Adapting World Models
with Latent-State Dynamics Residuals

Abstract

Simulation-to-reality reinforcement learning (RL) faces the critical challenge of reconciling discrepancies between simulated and real-world dynamics, which can severely degrade agent performance. A promising approach involves learning corrections to simulator forward dynamics represented as a residual error function, however this operation is impractical with high-dimensional states such as images. To overcome this, we propose ReDRAW, a latent-state autoregressive world model pretrained in simulation and calibrated to target environments through residual corrections of latent-state dynamics rather than of explicit observed states. Using this adapted world model, ReDRAW enables RL agents to be optimized with imagined rollouts under corrected dynamics and then deployed in the real world.

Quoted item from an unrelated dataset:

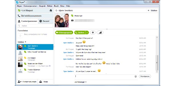 In de linkerkolom krijg je een overzicht van de contacten. Een groen Skype-icoontje betekent dat een contactpersoon online is, een geel icoontje staat voor afwezig. Iemand met een rood icoontje wil niet gestoord worden en een wit icoontje staat voor offline.
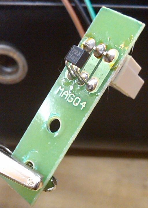 Hallo Forum, Ich brauche wieder einmal eure Hilfe. Wer kann mir sagen woher ich das folgende Bauteil bekomme bzw. um welches Bauteil es sich handelt. (Fotos siehe Anhang) Es dient(e) zur Referenzierung einer drehenden Scheibe in einem Eurolite TS5 Scanner (Lichttechnik). Das Gegenstueck auf der Scheibe ist ein kleiner Magnet weshalb ich vermute das es sich um einen Magnetsensor handelt. Bin fuer jede Hilfe dankbar. Google wurde bereits erfolglos befragt. Mit besten Grueszen Stefan

In multiple vision-based MuJoCo domains and a physical robot visual lane-following task, ReDRAW effectively models changes to dynamics and avoids overfitting in low data regimes where traditional transfer methods fail.

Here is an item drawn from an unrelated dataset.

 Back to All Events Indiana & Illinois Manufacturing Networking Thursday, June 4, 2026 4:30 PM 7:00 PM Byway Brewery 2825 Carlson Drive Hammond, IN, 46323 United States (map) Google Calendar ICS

The DRAW world model is trained to encode states into a latent representation, from which states, rewards, terminations, and future latent states are predicted. An RL agent is trained in the world model via synthetic rollouts.

World model dynamics can be calibrated to a target environment by training a residual error correction on latent state dynamics predictions, allowing the RL agent to be trained under rectified dynamics.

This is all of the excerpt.